■ **ASSIGNED TASK**
Please output each entry in the material beneath exactly as shown.

■ **DATA PROVIDED**

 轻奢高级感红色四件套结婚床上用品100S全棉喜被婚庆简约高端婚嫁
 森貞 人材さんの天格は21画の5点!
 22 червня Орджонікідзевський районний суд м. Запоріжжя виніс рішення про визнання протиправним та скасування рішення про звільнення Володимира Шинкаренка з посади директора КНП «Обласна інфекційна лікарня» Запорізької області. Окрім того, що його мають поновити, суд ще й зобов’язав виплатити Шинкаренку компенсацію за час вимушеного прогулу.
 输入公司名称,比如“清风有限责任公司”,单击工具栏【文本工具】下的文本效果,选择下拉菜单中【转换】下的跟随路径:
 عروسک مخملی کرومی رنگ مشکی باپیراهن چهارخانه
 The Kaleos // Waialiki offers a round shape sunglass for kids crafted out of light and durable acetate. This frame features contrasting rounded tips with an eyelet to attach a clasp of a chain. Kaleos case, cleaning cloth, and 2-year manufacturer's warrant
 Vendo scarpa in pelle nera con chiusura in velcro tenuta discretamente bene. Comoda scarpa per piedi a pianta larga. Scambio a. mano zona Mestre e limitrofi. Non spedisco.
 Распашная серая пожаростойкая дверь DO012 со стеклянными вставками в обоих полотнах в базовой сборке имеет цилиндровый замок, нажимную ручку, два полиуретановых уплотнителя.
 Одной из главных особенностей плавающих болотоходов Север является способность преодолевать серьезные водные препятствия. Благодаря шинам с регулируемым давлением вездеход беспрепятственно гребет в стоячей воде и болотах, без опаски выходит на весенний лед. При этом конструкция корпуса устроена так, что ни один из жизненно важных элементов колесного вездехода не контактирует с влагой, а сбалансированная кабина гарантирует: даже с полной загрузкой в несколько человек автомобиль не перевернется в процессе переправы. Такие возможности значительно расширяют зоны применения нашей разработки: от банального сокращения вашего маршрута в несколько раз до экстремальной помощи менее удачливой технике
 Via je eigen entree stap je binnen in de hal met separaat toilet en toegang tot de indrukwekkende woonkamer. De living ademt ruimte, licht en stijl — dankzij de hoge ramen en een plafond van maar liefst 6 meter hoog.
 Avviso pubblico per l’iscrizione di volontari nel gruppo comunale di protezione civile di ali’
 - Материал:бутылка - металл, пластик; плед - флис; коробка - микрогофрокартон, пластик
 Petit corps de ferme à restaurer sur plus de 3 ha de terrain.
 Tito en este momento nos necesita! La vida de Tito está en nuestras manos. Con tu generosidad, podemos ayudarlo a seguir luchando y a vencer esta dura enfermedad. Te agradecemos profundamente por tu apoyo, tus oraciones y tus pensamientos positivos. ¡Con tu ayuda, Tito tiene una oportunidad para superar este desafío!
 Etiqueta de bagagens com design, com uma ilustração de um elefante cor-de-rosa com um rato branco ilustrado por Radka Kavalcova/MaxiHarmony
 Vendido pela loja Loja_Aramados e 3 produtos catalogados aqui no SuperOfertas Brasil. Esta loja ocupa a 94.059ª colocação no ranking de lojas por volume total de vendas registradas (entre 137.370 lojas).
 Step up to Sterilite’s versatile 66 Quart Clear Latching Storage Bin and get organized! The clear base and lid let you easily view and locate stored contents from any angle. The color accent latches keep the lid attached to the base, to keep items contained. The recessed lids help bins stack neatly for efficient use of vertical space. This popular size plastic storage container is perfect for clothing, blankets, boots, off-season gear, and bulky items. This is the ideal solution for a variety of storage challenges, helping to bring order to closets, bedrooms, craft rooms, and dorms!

■ **OUTPUT FOR THIS EXERCISE**
 轻奢高级感红色四件套结婚床上用品100S全棉喜被婚庆简约高端婚嫁
 森貞 人材さんの天格は21画の5点!
 22 червня Орджонікідзевський районний суд м. Запоріжжя виніс рішення про визнання протиправним та скасування рішення про звільнення Володимира Шинкаренка з посади директора КНП «Обласна інфекційна лікарня» Запорізької області. Окрім того, що його мають поновити, суд ще й зобов’язав виплатити Шинкаренку компенсацію за час вимушеного прогулу.
 输入公司名称,比如“清风有限责任公司”,单击工具栏【文本工具】下的文本效果,选择下拉菜单中【转换】下的跟随路径:
 عروسک مخملی کرومی رنگ مشکی باپیراهن چهارخانه
 The Kaleos // Waialiki offers a round shape sunglass for kids crafted out of light and durable acetate. This frame features contrasting rounded tips with an eyelet to attach a clasp of a chain. Kaleos case, cleaning cloth, and 2-year manufacturer's warrant
 Vendo scarpa in pelle nera con chiusura in velcro tenuta discretamente bene. Comoda scarpa per piedi a pianta larga. Scambio a. mano zona Mestre e limitrofi. Non spedisco.
 Распашная серая пожаростойкая дверь DO012 со стеклянными вставками в обоих полотнах в базовой сборке имеет цилиндровый замок, нажимную ручку, два полиуретановых уплотнителя.
 Одной из главных особенностей плавающих болотоходов Север является способность преодолевать серьезные водные препятствия. Благодаря шинам с регулируемым давлением вездеход беспрепятственно гребет в стоячей воде и болотах, без опаски выходит на весенний лед. При этом конструкция корпуса устроена так, что ни один из жизненно важных элементов колесного вездехода не контактирует с влагой, а сбалансированная кабина гарантирует: даже с полной загрузкой в несколько человек автомобиль не перевернется в процессе переправы. Такие возможности значительно расширяют зоны применения нашей разработки: от банального сокращения вашего маршрута в несколько раз до экстремальной помощи менее удачливой технике
 Via je eigen entree stap je binnen in de hal met separaat toilet en toegang tot de indrukwekkende woonkamer. De living ademt ruimte, licht en stijl — dankzij de hoge ramen en een plafond van maar liefst 6 meter hoog.
 Avviso pubblico per l’iscrizione di volontari nel gruppo comunale di protezione civile di ali’
 - Материал:бутылка - металл, пластик; плед - флис; коробка - микрогофрокартон, пластик
 Petit corps de ferme à restaurer sur plus de 3 ha de terrain.
 Tito en este momento nos necesita! La vida de Tito está en nuestras manos. Con tu generosidad, podemos ayudarlo a seguir luchando y a vencer esta dura enfermedad. Te agradecemos profundamente por tu apoyo, tus oraciones y tus pensamientos positivos. ¡Con tu ayuda, Tito tiene una oportunidad para superar este desafío!
 Etiqueta de bagagens com design, com uma ilustração de um elefante cor-de-rosa com um rato branco ilustrado por Radka Kavalcova/MaxiHarmony
 Vendido pela loja Loja_Aramados e 3 produtos catalogados aqui no SuperOfertas Brasil. Esta loja ocupa a 94.059ª colocação no ranking de lojas por volume total de vendas registradas (entre 137.370 lojas).
 Step up to Sterilite’s versatile 66 Quart Clear Latching Storage Bin and get organized! The clear base and lid let you easily view and locate stored contents from any angle. The color accent latches keep the lid attached to the base, to keep items contained. The recessed lids help bins stack neatly for efficient use of vertical space. This popular size plastic storage container is perfect for clothing, blankets, boots, off-season gear, and bulky items. This is the ideal solution for a variety of storage challenges, helping to bring order to closets, bedrooms, craft rooms, and dorms!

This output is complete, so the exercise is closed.